ENTRIES SHOWN
== == ==

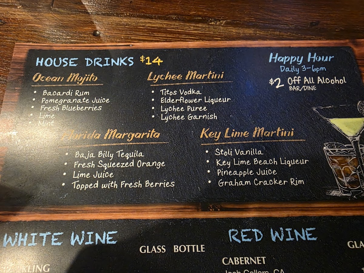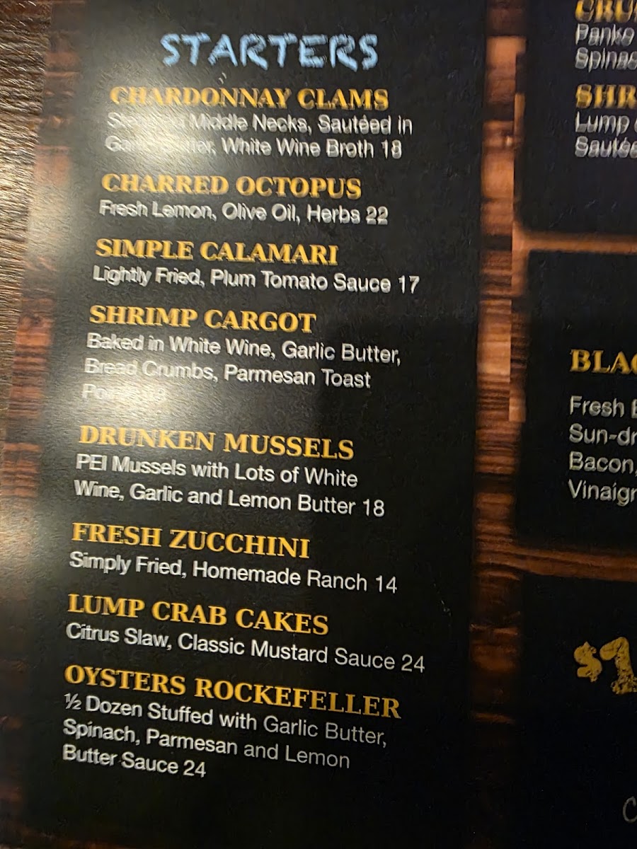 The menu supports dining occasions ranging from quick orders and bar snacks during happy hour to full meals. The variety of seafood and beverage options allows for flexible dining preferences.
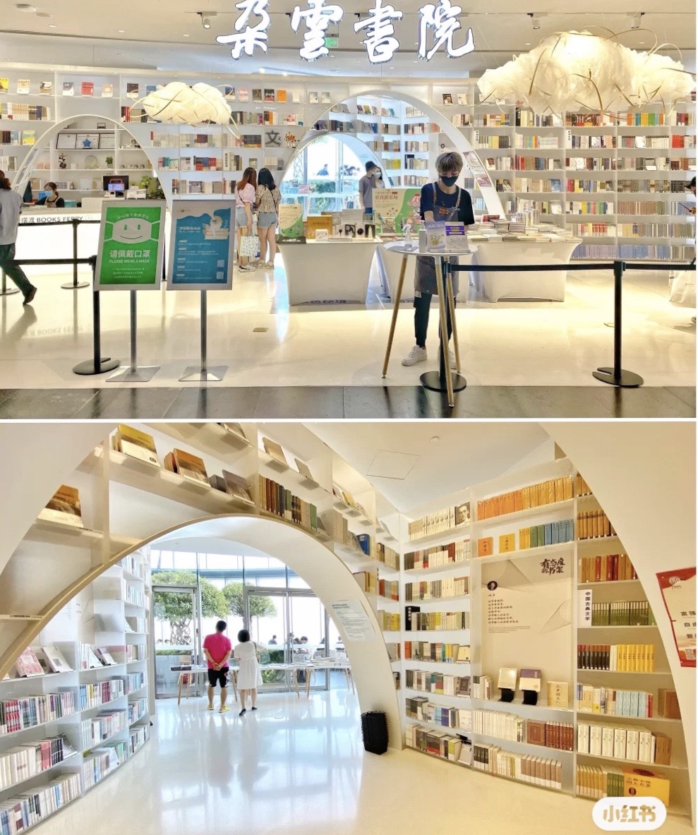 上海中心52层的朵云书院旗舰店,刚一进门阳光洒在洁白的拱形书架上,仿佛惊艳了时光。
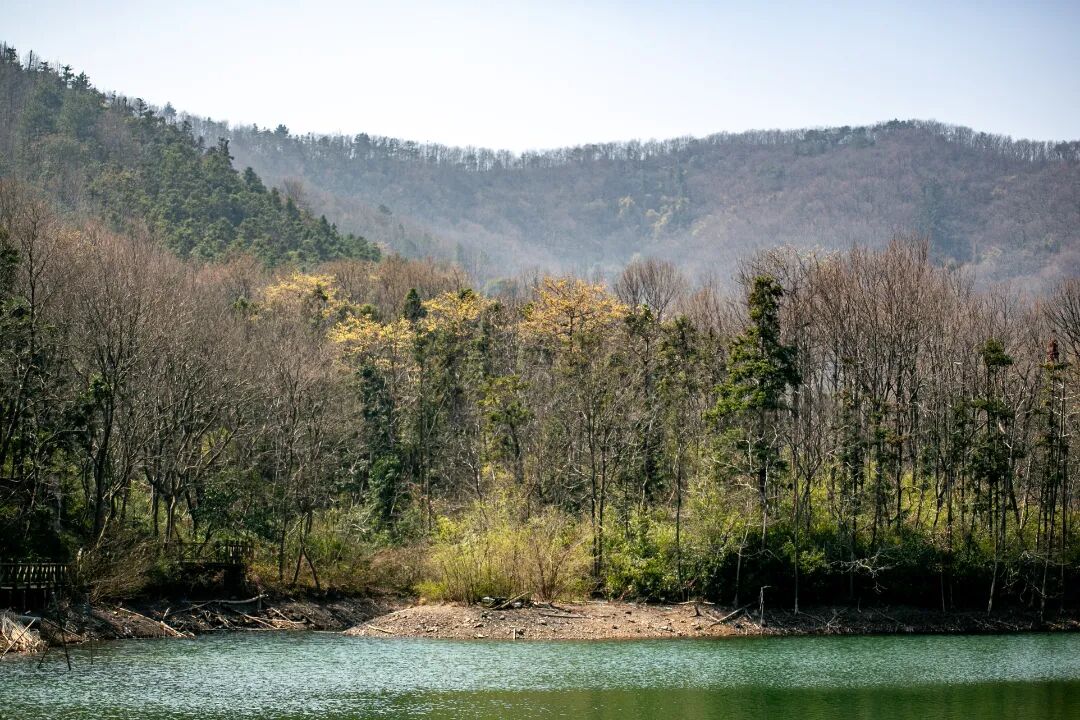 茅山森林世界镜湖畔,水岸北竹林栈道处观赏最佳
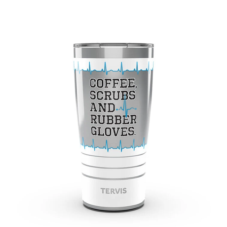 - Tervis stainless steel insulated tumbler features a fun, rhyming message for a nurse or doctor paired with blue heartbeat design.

== == ==

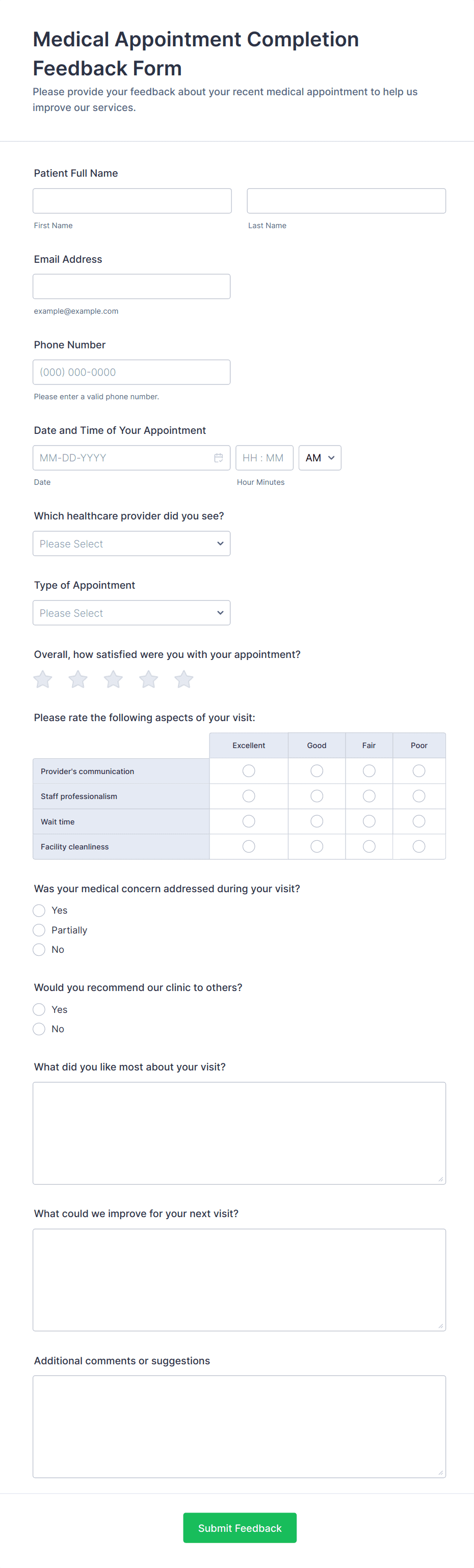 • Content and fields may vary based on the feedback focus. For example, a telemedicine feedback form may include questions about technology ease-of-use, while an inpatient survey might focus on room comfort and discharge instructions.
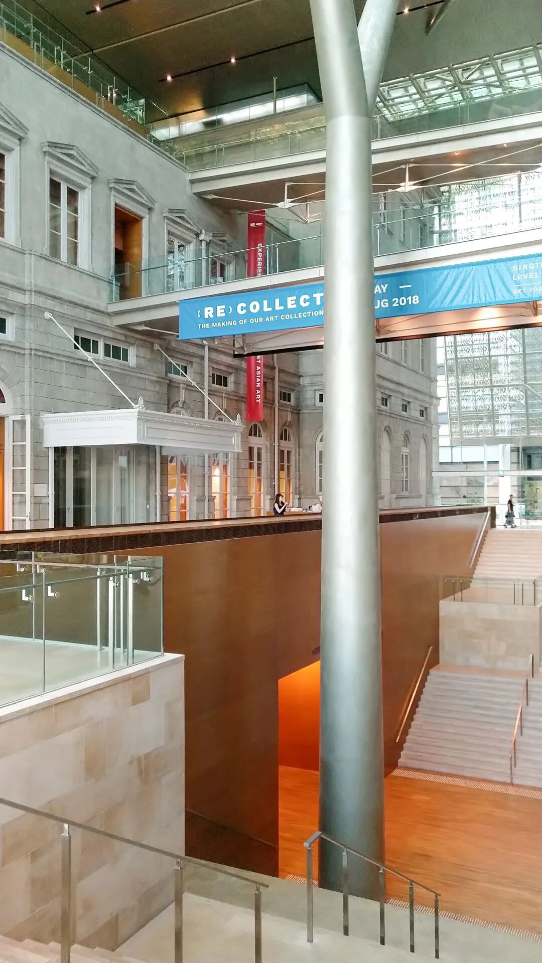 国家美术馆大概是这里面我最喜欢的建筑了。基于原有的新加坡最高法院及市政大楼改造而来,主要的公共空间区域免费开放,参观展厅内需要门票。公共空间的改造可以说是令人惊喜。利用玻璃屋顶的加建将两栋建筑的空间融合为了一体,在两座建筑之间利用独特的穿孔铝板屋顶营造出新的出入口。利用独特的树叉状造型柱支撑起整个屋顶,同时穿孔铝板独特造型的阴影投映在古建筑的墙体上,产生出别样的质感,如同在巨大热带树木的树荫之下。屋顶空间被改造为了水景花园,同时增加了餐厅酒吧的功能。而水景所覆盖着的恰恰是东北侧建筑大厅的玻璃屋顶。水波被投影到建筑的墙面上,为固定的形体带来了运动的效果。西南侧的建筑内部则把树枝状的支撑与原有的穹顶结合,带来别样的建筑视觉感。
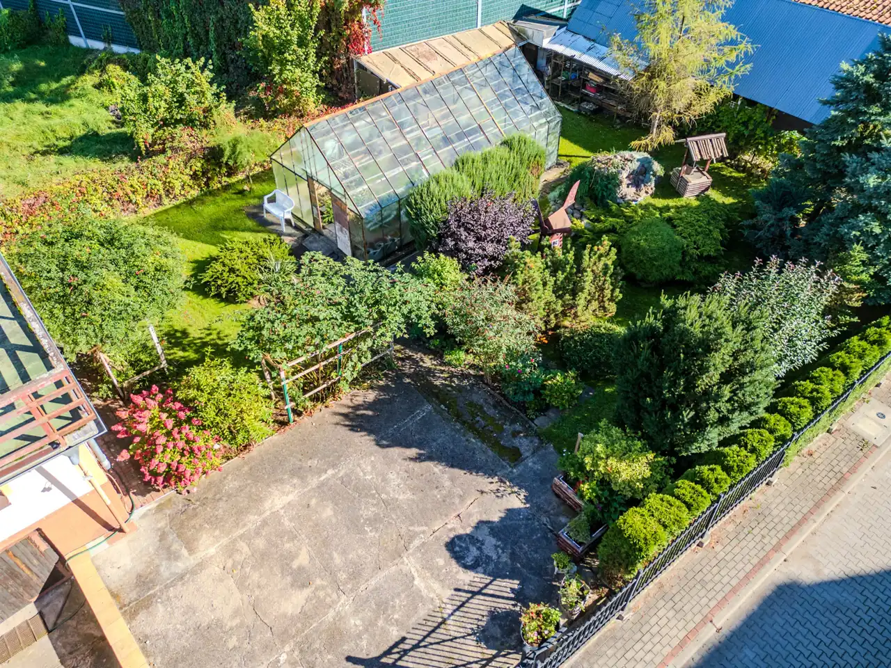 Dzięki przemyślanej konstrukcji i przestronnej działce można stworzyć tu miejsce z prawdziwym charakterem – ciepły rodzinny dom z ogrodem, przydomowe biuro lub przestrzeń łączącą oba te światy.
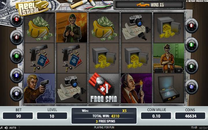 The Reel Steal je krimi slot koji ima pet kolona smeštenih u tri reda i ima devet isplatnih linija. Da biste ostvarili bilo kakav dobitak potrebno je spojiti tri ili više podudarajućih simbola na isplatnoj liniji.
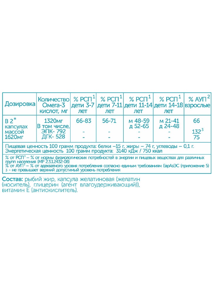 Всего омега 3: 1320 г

== == ==

WHAT IS EXPECTED
Exact copy, pictures excluded: from the line with "茅山森林世界镜湖畔,水岸北竹林栈道处观赏最佳" up to and including the line with "- Tervis stainless" in the data above.

EXERCISE SOLUTION
 茅山森林世界镜湖畔,水岸北竹林栈道处观赏最佳
 - Tervis stainless steel insulated tumbler features a fun, rhyming message for a nurse or doctor paired with blue heartbeat design.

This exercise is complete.